- Born: 16 March 1888 South Hornsey
- Died: 1 March 1948 (aged 59) Seal

= Dorothy Hewer =

English herb farmer (1888–1948)

Dorothy Gertrude Hewer (16 March 1888 – 1 March 1948) was an English herb farmer, herbalist, and writer.

==Life==
Hewer was born in 1888 South Hornsey. Her parents were Annie Martha ( Everard) and Joseph Langton Hewer. Her father was a doctor and she was educated at North London Collegiate School and Bedford College, London. She graduated in 1911.

Maud Grieve became her friend and she had done leading work in growing herbs during the Great War when the UK's traditional sources were difficult to access. Grieve had been the president of The British Guild of Herb Growers and in time she would publish A Modern Herbal in 1931.

Maud Grieve's older husband's health became a concern and she decided to move away from herb production and training. She gave most of her stock to Hewer. Hewer had started her herbal farm three years before near the Kentish village of Seal where she became known for her "Seal" lavender. Hewer had been inspired by Grieve and by the work of the gardening writer Eleanour Sinclair Rohde. Grieve had closed her training school and she encouraged Hewer to take on a few women helpers. These helpers or trainees said that they were made very hard by Hewer. One of these was Margaret Brownlow.

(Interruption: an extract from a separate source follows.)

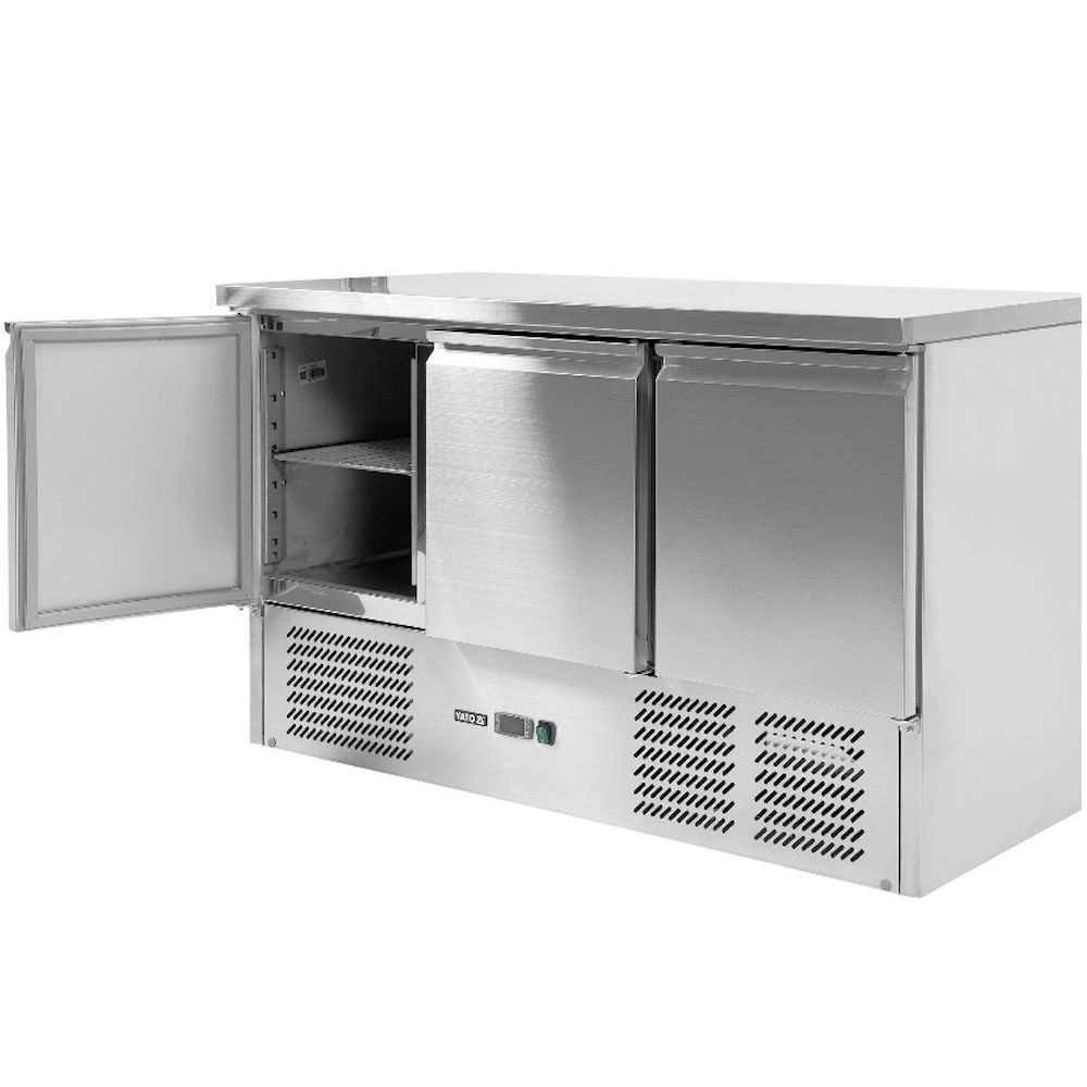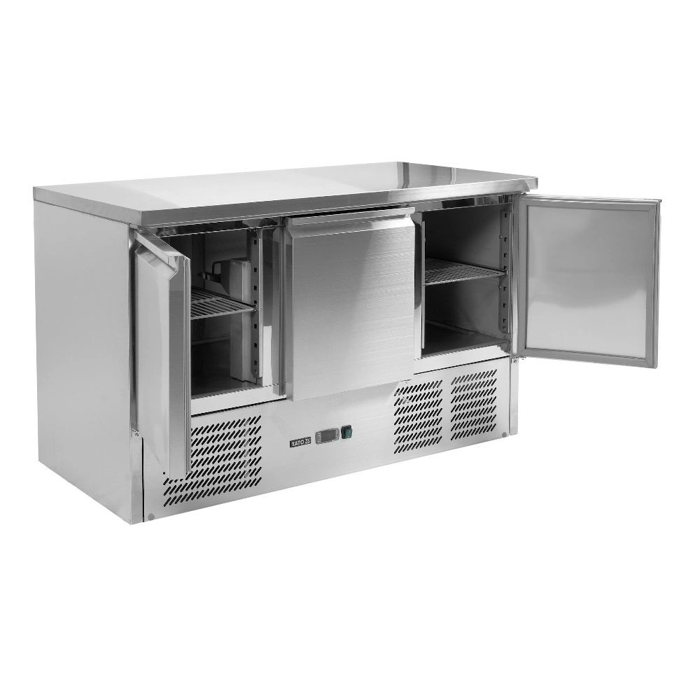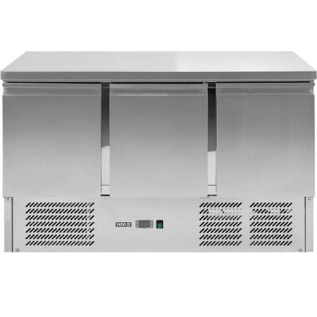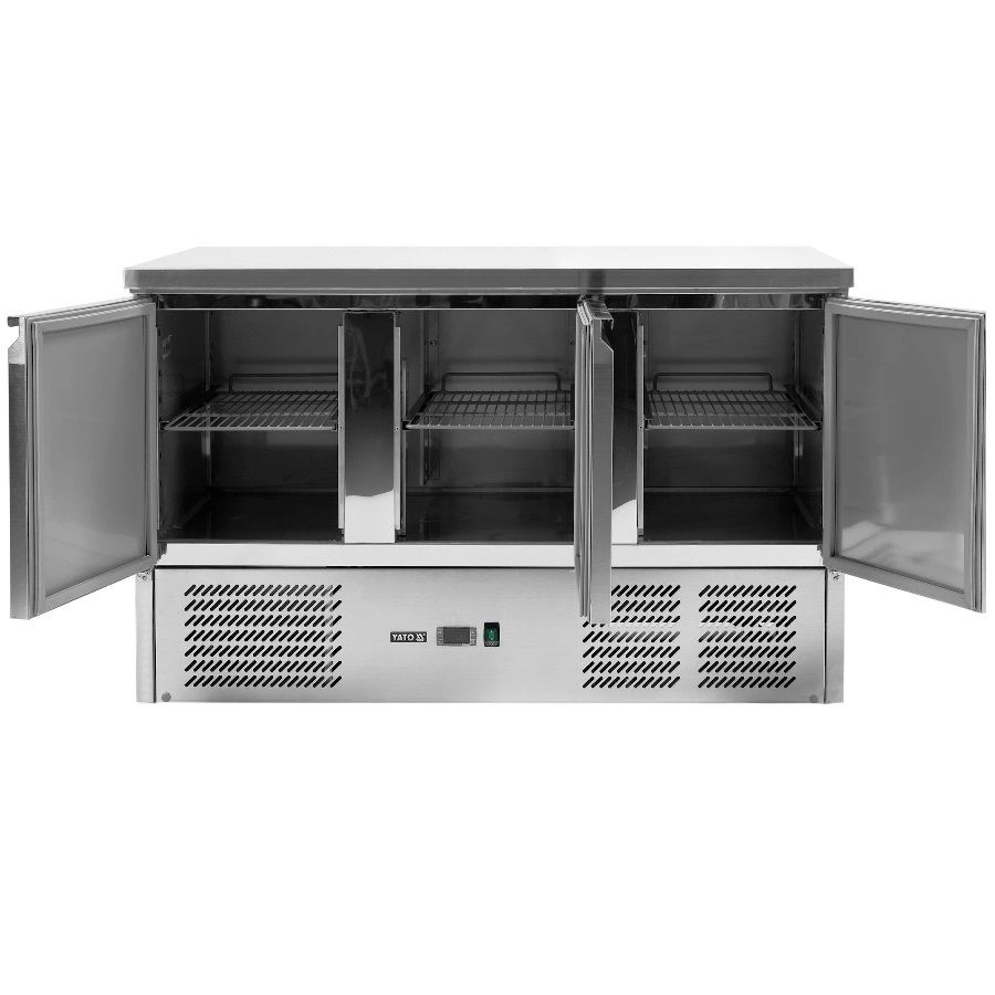 Chladiaci stôl 3-dverový značky YATO – línia 700 s rozmermi 136,5x70x87cm a objemom 368 l. Kryt a pracovná doska sú vyrobené z nehrdzavejúcej ocele ss201. Samozatváracie dvere sú vybavené zámkom. Súčasťou vybavenia sú 3 roštové police (po jednej na každé dvere) potiahnuté PVC s maximálnou nosnosťou 40 kg – pri rovnomernom zaťažení. Chladiaca komora v štandarde 1/1 GN.

The herb farm's crop of culinary and medical herbs supplied Hewer's mail order business and a shop she bought in North Audley Street, London. The sale volumes increased during the war and she published her book on herbology in 1941 titled Practical Herb Growing. Margaret Brownlow returned to work for her in 1943 and after Hewer died in 1948 in Seal, Kent, Brownlow took over the Herb Farm.